Reproduce the entries below exactly, but only from the line containing "विश्व हिंदू परिषद" to the line containing "Bar) Variable Düse", inclusive.

## LISTED ENTRIES
------------------------------
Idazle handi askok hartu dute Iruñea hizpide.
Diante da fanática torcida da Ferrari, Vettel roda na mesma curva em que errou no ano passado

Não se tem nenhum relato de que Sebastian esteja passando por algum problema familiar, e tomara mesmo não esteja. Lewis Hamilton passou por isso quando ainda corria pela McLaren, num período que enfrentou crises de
------------------------------
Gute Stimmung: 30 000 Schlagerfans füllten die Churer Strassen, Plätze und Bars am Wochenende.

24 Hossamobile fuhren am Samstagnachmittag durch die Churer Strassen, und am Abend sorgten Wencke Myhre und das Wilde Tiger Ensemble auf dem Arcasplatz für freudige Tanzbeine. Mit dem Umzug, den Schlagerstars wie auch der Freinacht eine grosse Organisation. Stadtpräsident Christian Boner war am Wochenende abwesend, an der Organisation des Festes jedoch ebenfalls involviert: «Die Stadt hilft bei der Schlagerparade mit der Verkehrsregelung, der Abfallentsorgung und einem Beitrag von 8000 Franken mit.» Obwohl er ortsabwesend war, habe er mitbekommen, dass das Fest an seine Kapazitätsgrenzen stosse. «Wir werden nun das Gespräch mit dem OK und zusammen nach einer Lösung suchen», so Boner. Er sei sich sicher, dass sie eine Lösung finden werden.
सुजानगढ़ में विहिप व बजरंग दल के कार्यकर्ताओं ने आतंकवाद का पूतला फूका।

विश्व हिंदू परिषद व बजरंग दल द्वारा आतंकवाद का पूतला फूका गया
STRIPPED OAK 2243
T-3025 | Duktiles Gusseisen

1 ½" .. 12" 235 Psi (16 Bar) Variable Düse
------------------------------
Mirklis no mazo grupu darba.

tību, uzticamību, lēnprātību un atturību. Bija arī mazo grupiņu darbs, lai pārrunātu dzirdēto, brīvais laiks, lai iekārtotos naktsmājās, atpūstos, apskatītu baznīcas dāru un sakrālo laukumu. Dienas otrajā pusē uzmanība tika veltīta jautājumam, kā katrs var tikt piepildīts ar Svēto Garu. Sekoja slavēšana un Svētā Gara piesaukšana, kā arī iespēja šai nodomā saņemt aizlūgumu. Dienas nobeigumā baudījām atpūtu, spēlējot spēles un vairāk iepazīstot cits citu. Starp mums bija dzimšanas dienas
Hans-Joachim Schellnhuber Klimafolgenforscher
------------------------------
## RESULT FOR THIS EXERCISE
विश्व हिंदू परिषद व बजरंग दल द्वारा आतंकवाद का पूतला फूका गया
STRIPPED OAK 2243
T-3025 | Duktiles Gusseisen

1 ½" .. 12" 235 Psi (16 Bar) Variable Düse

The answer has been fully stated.